▶ What the task requires
Leave the pictures aside and give back every entry below word for word.

[Information — start]

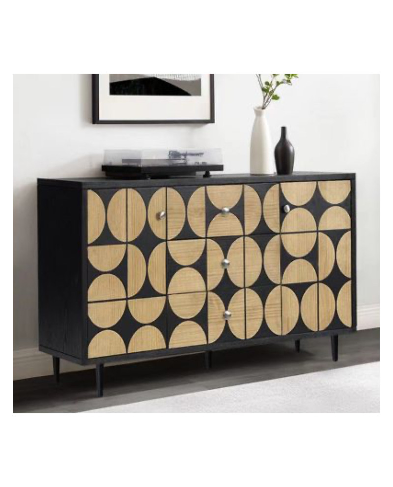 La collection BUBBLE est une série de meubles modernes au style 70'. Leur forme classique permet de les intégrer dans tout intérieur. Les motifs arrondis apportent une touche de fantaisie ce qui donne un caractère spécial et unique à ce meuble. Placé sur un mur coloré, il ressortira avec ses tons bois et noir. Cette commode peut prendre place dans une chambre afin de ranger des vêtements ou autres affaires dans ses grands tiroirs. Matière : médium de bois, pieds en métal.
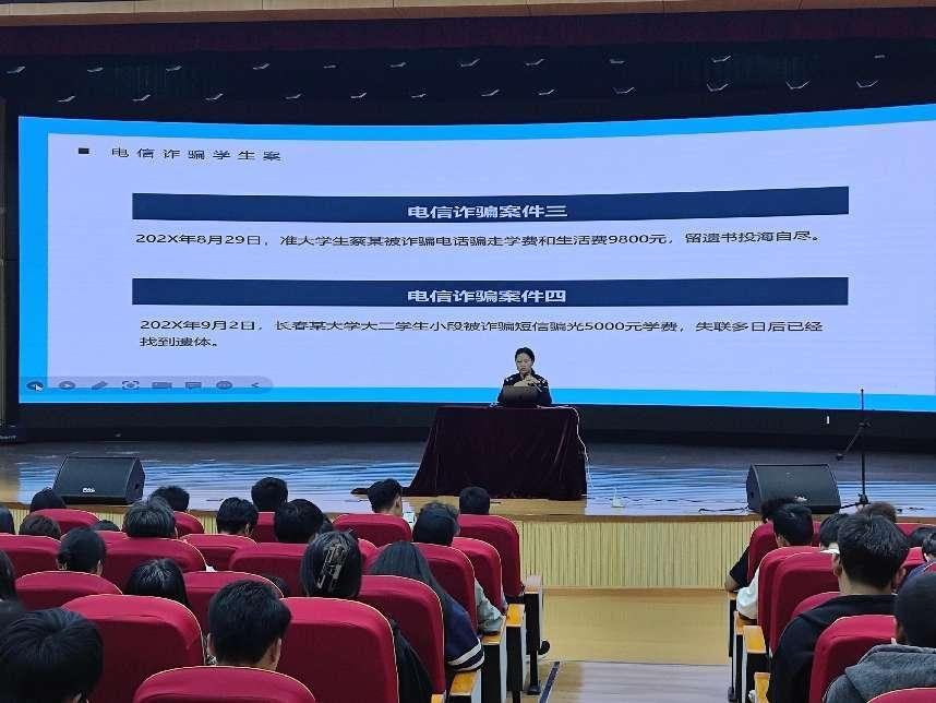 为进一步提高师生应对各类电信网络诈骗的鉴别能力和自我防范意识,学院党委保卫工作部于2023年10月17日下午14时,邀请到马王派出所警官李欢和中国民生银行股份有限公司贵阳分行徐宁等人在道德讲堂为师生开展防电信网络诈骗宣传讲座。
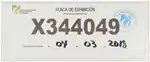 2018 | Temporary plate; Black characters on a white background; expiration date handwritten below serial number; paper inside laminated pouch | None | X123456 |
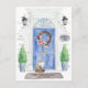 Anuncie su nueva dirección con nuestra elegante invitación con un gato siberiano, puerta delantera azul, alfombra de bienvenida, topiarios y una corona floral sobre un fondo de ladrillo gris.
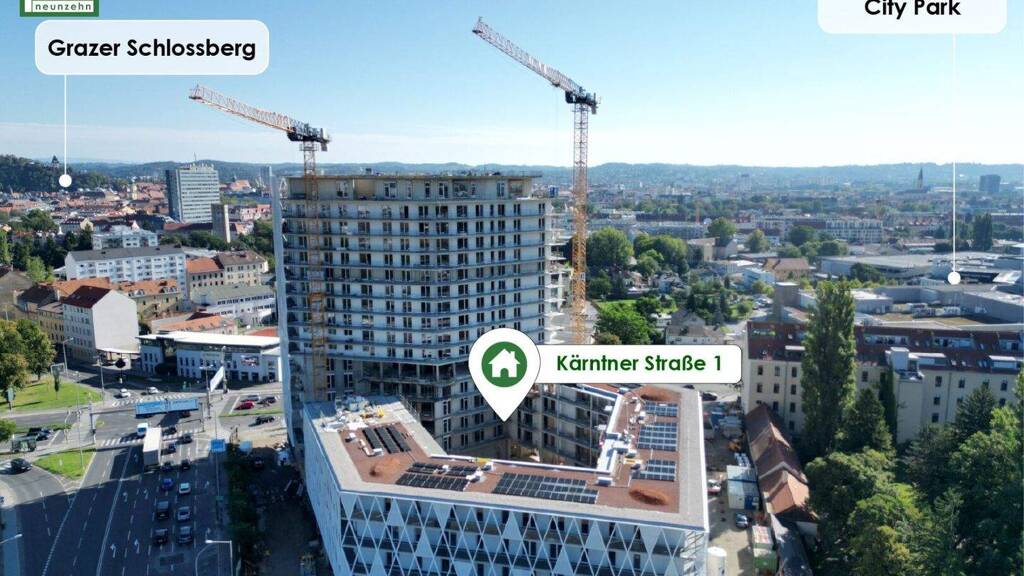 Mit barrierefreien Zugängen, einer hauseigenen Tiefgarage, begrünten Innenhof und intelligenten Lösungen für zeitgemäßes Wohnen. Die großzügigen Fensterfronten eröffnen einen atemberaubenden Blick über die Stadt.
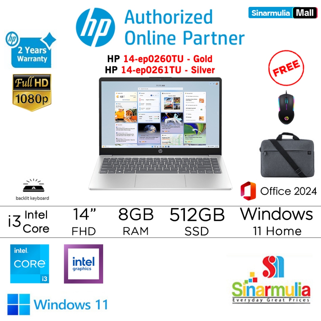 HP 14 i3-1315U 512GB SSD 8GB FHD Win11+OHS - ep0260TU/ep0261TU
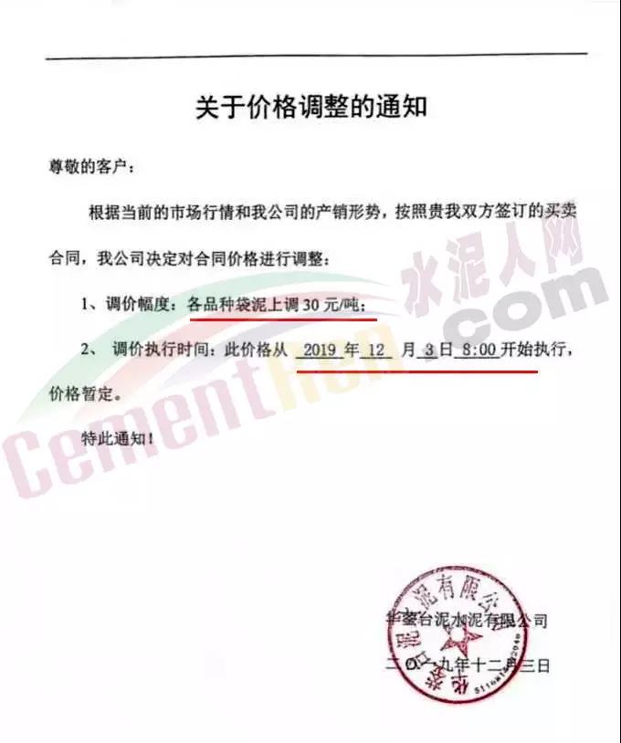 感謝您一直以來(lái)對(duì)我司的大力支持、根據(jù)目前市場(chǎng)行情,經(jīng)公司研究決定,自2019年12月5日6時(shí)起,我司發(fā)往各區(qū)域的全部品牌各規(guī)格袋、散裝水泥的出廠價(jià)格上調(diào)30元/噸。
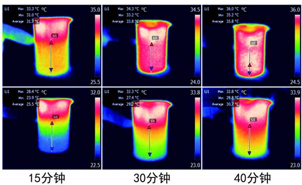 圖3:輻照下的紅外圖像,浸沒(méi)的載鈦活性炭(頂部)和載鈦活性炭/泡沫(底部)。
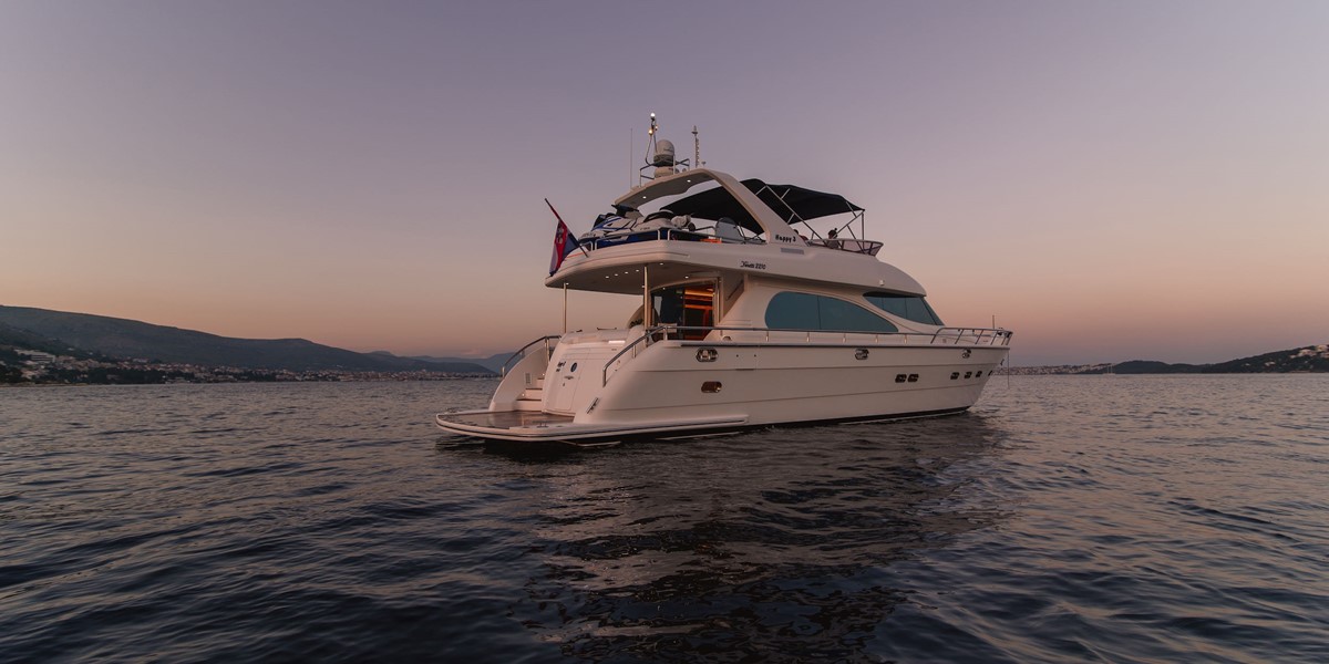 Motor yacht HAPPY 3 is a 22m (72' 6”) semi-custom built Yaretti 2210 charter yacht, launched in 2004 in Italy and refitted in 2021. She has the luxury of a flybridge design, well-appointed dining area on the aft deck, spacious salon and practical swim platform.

[Information — finish]

▶ Solution below
 La collection BUBBLE est une série de meubles modernes au style 70'. Leur forme classique permet de les intégrer dans tout intérieur. Les motifs arrondis apportent une touche de fantaisie ce qui donne un caractère spécial et unique à ce meuble. Placé sur un mur coloré, il ressortira avec ses tons bois et noir. Cette commode peut prendre place dans une chambre afin de ranger des vêtements ou autres affaires dans ses grands tiroirs. Matière : médium de bois, pieds en métal.
 为进一步提高师生应对各类电信网络诈骗的鉴别能力和自我防范意识,学院党委保卫工作部于2023年10月17日下午14时,邀请到马王派出所警官李欢和中国民生银行股份有限公司贵阳分行徐宁等人在道德讲堂为师生开展防电信网络诈骗宣传讲座。
 2018 | Temporary plate; Black characters on a white background; expiration date handwritten below serial number; paper inside laminated pouch | None | X123456 |
 Anuncie su nueva dirección con nuestra elegante invitación con un gato siberiano, puerta delantera azul, alfombra de bienvenida, topiarios y una corona floral sobre un fondo de ladrillo gris.
 Mit barrierefreien Zugängen, einer hauseigenen Tiefgarage, begrünten Innenhof und intelligenten Lösungen für zeitgemäßes Wohnen. Die großzügigen Fensterfronten eröffnen einen atemberaubenden Blick über die Stadt.
 HP 14 i3-1315U 512GB SSD 8GB FHD Win11+OHS - ep0260TU/ep0261TU
 感謝您一直以來(lái)對(duì)我司的大力支持、根據(jù)目前市場(chǎng)行情,經(jīng)公司研究決定,自2019年12月5日6時(shí)起,我司發(fā)往各區(qū)域的全部品牌各規(guī)格袋、散裝水泥的出廠價(jià)格上調(diào)30元/噸。
 圖3:輻照下的紅外圖像,浸沒(méi)的載鈦活性炭(頂部)和載鈦活性炭/泡沫(底部)。
 Motor yacht HAPPY 3 is a 22m (72' 6”) semi-custom built Yaretti 2210 charter yacht, launched in 2004 in Italy and refitted in 2021. She has the luxury of a flybridge design, well-appointed dining area on the aft deck, spacious salon and practical swim platform.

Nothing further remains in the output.